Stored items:
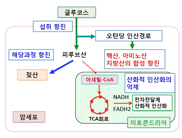 이렇게 암세포는 변형 과정에서 특정 대사과정에 대한 의존도가 크게 높아지는데 (위 경우에서는 글루타민에 대한 의존도가 크게 증가한다), 이러한 암세포와 일반 세포의 상이한 대사 과정을 방해하는 것이 대사항암제의 주 기전이다.
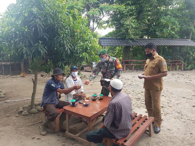 “Serta tetap melakukan pola hidup sehat dimasa penerapan PPKM berbasis mikro saat ini,” terang Babinsa Koramil Sertu Betah Eko  yang tampak selalu berdampingan dengan kepala desa dan Bhabinkamtibmas disela kegiatan hari ini.
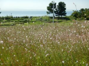 ガウラ(白蝶草)(場所: 海岸口ゲートそば、移ろいの庭階段花壇横、花の丘道ほか)
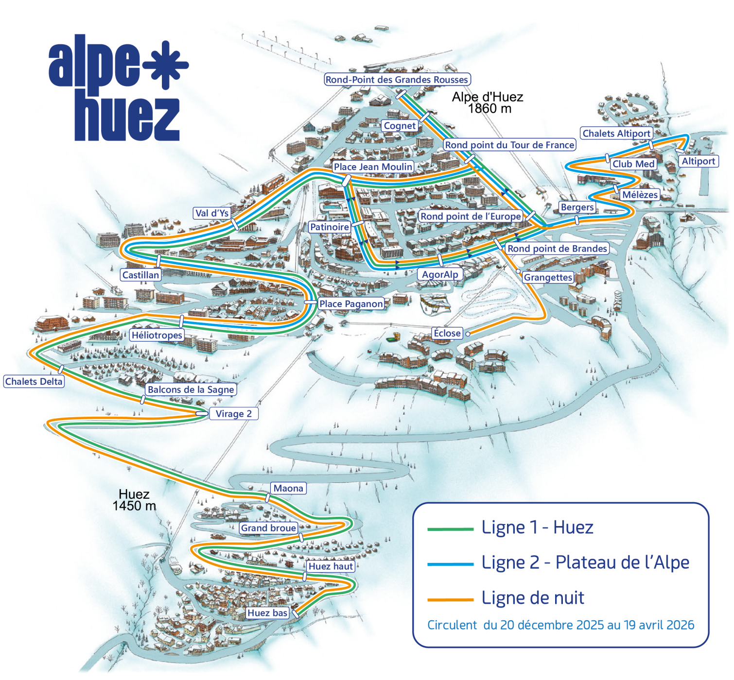 Horaires de la ligne La ligne 1 - Huez - Pistes circule du samedi 20 décembre 2025 au dimanche 19 avril 2026. Elle dessert les secteurs d'Huez et de l'Alpe d'Huez. Mise en service: Du 21 décembre 2020 au 01 janvier 2021 et du 07 février au 05 mars 2021
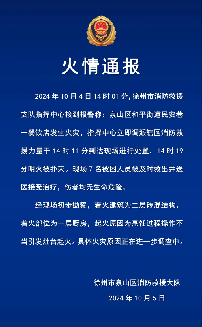 2024年10月4日14时01分,徐州市消防救援支队指挥中心接到报警称,泉山区和平街道民安巷一餐饮店发生火灾,指挥中心立即调派辖区消防救援力量于14时11分到达现场进行处置,14时19分明火被扑灭。现场7名被困人员被及时救出并送医接受治疗,伤者均无生命危险。
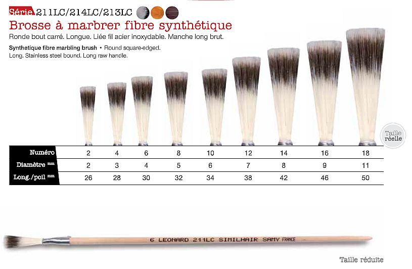 Marmerpenseel in Oranje 0.1 mm zacht synthetisch haar. Rond en recht. Handgebonden met RVS draad Lange ongelakte steel. Voor ACRYL-toepassing
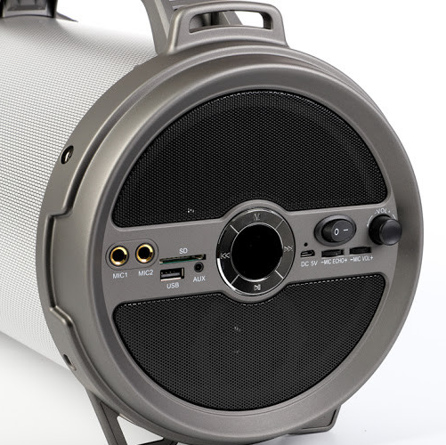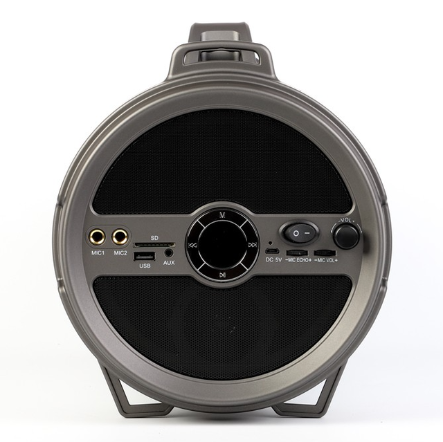 Зручний ремінець допоможе з комфортом носити колонку із собою. Може працювати як від акумулятора, так і від мережі. Кнопки керування й роз'єми розташовані на одному з торців аксесуара. У пристрої є стандартний роз'єм AUX, micro-usb і слот TF для карт пам'яті. У колонку вбудоване FM-радіо.
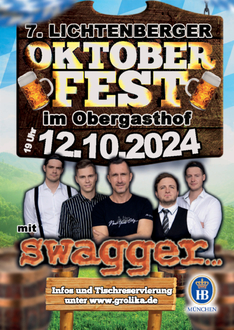 Am Sa.12. Oktober 2024 starten wir unser 7. Lichtenberger Oktoberfest im Obergasthof. Einlass ist ab 19:00 Uhr.
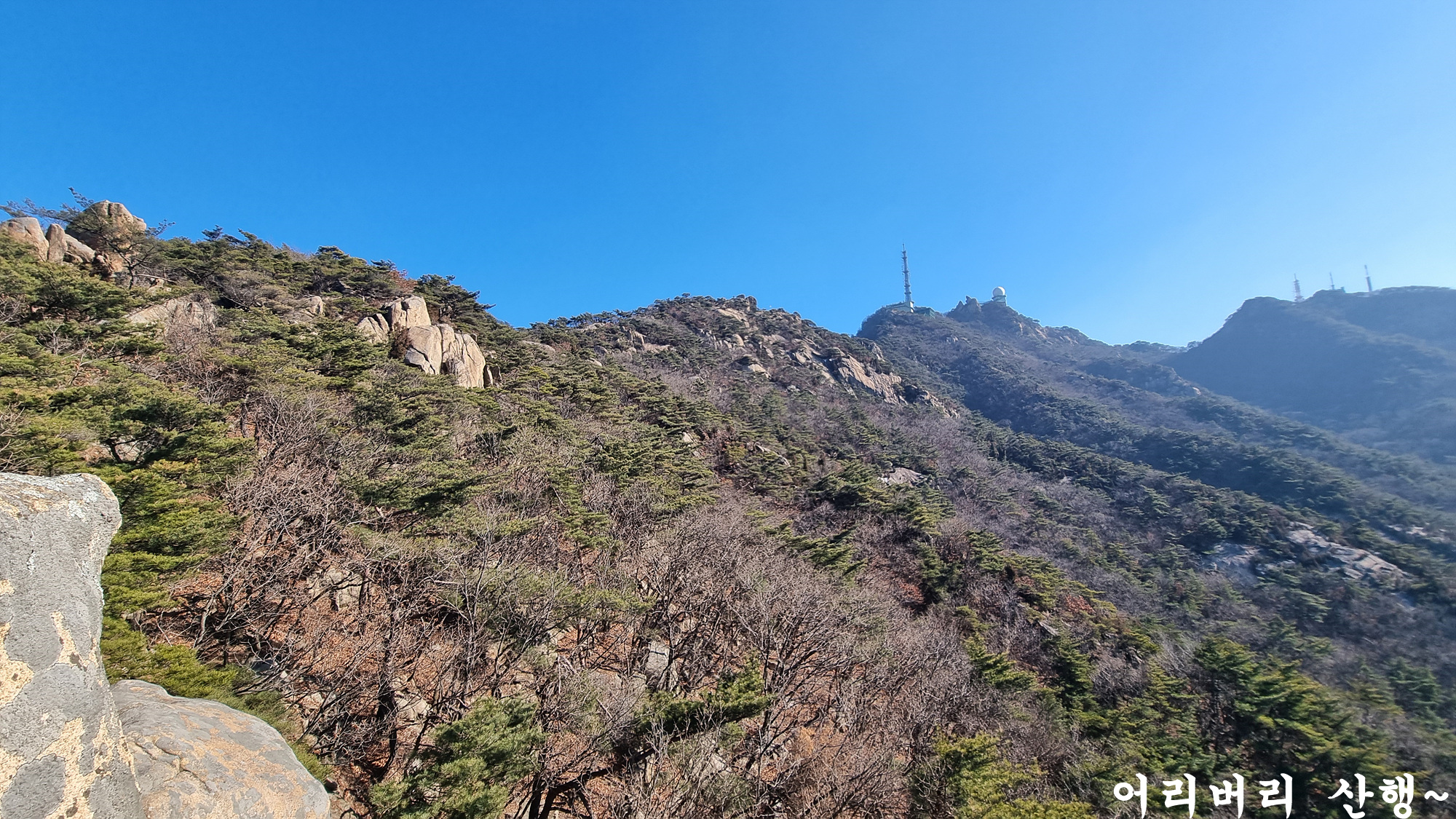 응진전에서 나와 연주대 정상을 올라와서 사당능선을 바라본다.

**DESCRIPTION OF THE TASK**
From the records above, extract the lines from the one holding "ガウラ(白蝶草)(場所: 海" through the one holding "2024年10月4日14时0", word for word; omit the pictures.

**EXERCISE RESULT**
 ガウラ(白蝶草)(場所: 海岸口ゲートそば、移ろいの庭階段花壇横、花の丘道ほか)
 Horaires de la ligne La ligne 1 - Huez - Pistes circule du samedi 20 décembre 2025 au dimanche 19 avril 2026. Elle dessert les secteurs d'Huez et de l'Alpe d'Huez. Mise en service: Du 21 décembre 2020 au 01 janvier 2021 et du 07 février au 05 mars 2021
 2024年10月4日14时01分,徐州市消防救援支队指挥中心接到报警称,泉山区和平街道民安巷一餐饮店发生火灾,指挥中心立即调派辖区消防救援力量于14时11分到达现场进行处置,14时19分明火被扑灭。现场7名被困人员被及时救出并送医接受治疗,伤者均无生命危险。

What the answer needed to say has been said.